▶ **EXERCISE BRIEF**: The listing below should be printed exactly, though its pictures must not be.

━━━ THE DATA ━━━

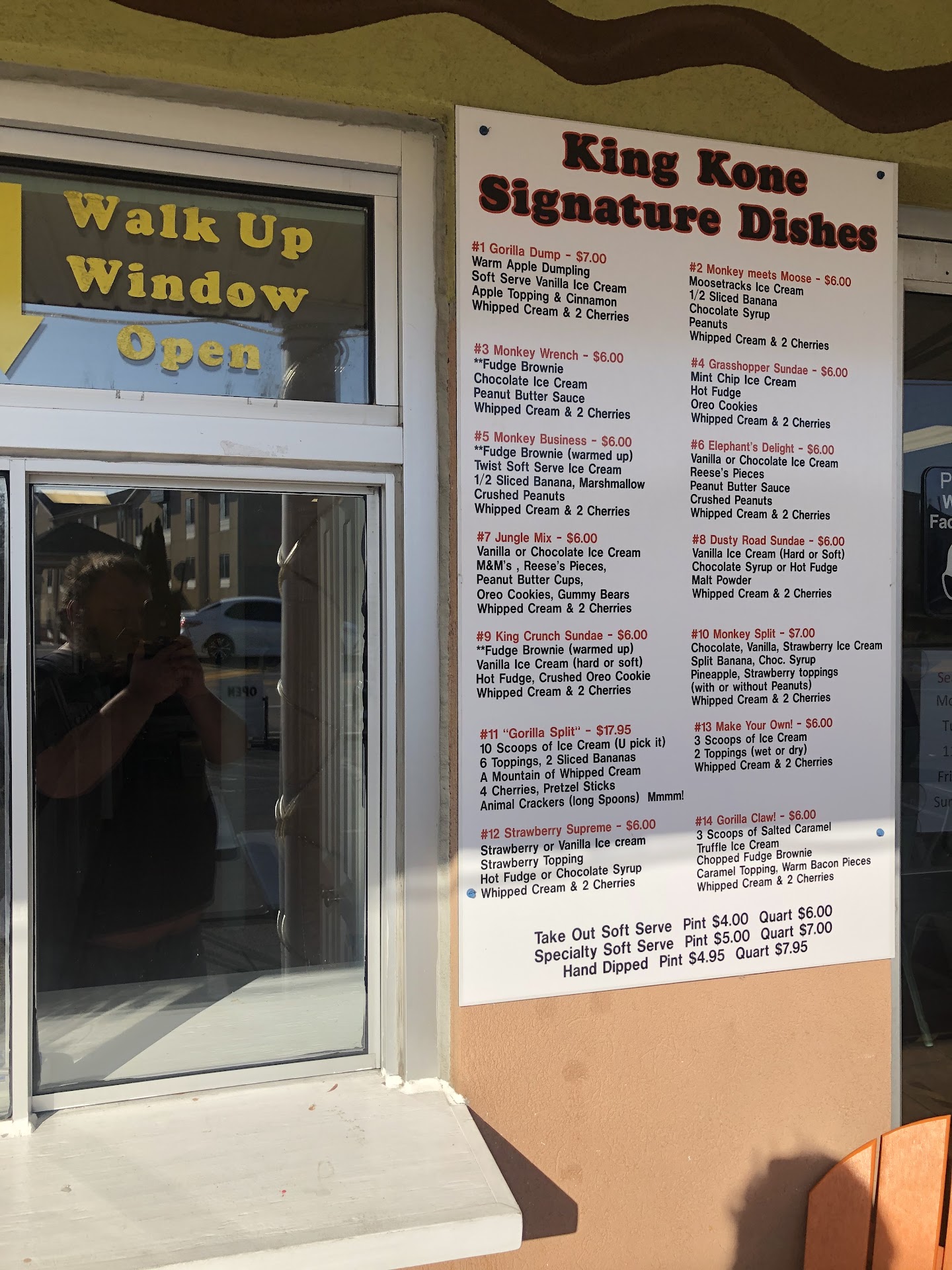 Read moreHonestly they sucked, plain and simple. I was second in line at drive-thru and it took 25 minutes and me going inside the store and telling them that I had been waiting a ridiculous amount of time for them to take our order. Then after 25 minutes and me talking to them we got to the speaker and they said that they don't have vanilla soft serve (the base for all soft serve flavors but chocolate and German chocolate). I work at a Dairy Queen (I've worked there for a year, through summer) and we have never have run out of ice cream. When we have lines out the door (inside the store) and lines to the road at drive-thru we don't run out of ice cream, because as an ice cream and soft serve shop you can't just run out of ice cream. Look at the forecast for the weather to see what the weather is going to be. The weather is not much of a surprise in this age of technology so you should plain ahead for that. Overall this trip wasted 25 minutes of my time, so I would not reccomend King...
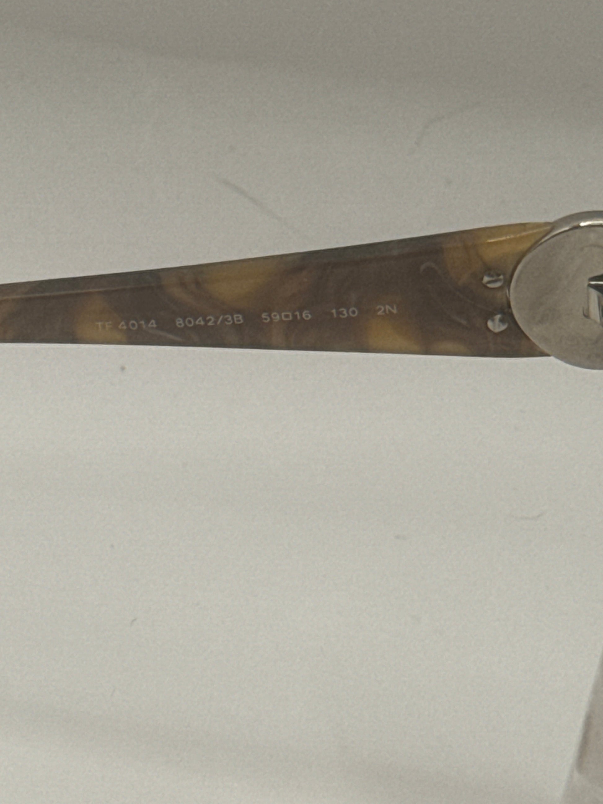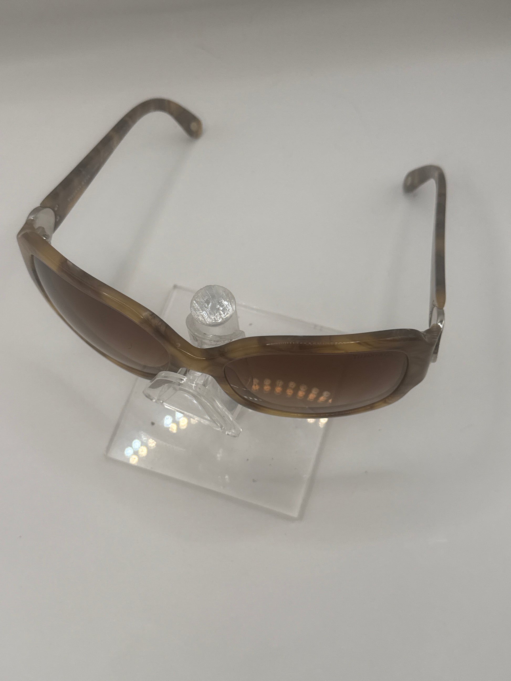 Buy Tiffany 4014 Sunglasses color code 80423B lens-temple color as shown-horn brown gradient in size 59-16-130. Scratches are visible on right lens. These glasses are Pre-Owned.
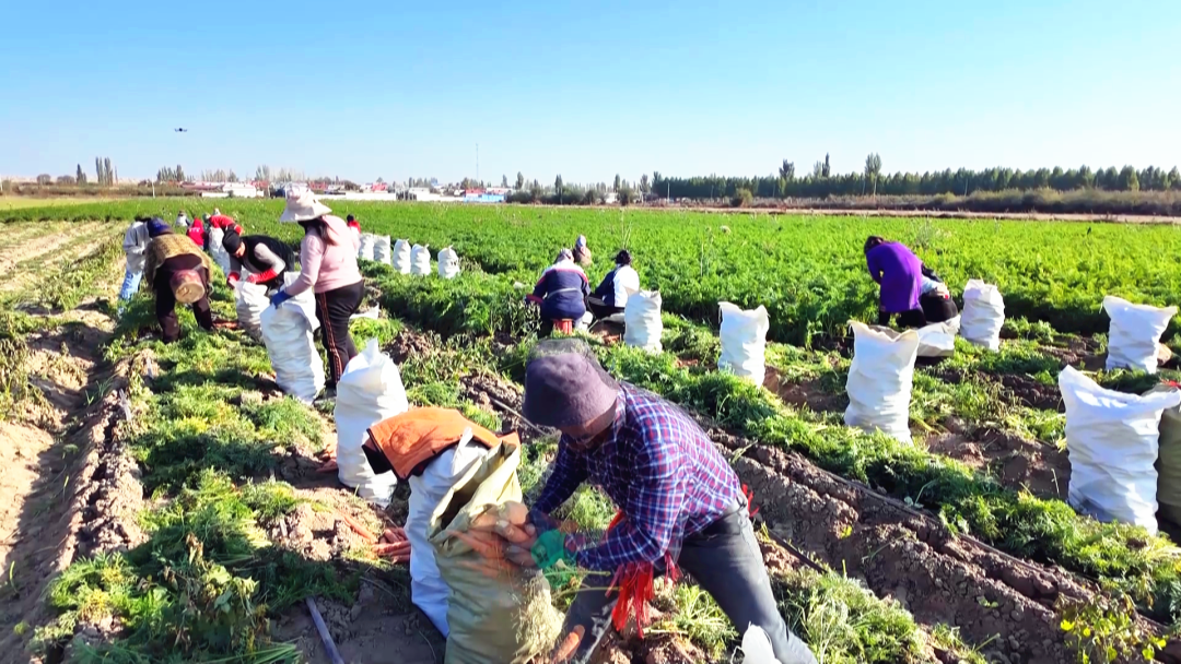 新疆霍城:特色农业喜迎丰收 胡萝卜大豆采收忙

━━━

▶ **RESULT OF THIS TASK**:
 Read moreHonestly they sucked, plain and simple. I was second in line at drive-thru and it took 25 minutes and me going inside the store and telling them that I had been waiting a ridiculous amount of time for them to take our order. Then after 25 minutes and me talking to them we got to the speaker and they said that they don't have vanilla soft serve (the base for all soft serve flavors but chocolate and German chocolate). I work at a Dairy Queen (I've worked there for a year, through summer) and we have never have run out of ice cream. When we have lines out the door (inside the store) and lines to the road at drive-thru we don't run out of ice cream, because as an ice cream and soft serve shop you can't just run out of ice cream. Look at the forecast for the weather to see what the weather is going to be. The weather is not much of a surprise in this age of technology so you should plain ahead for that. Overall this trip wasted 25 minutes of my time, so I would not reccomend King...
 Buy Tiffany 4014 Sunglasses color code 80423B lens-temple color as shown-horn brown gradient in size 59-16-130. Scratches are visible on right lens. These glasses are Pre-Owned.
 新疆霍城:特色农业喜迎丰收 胡萝卜大豆采收忙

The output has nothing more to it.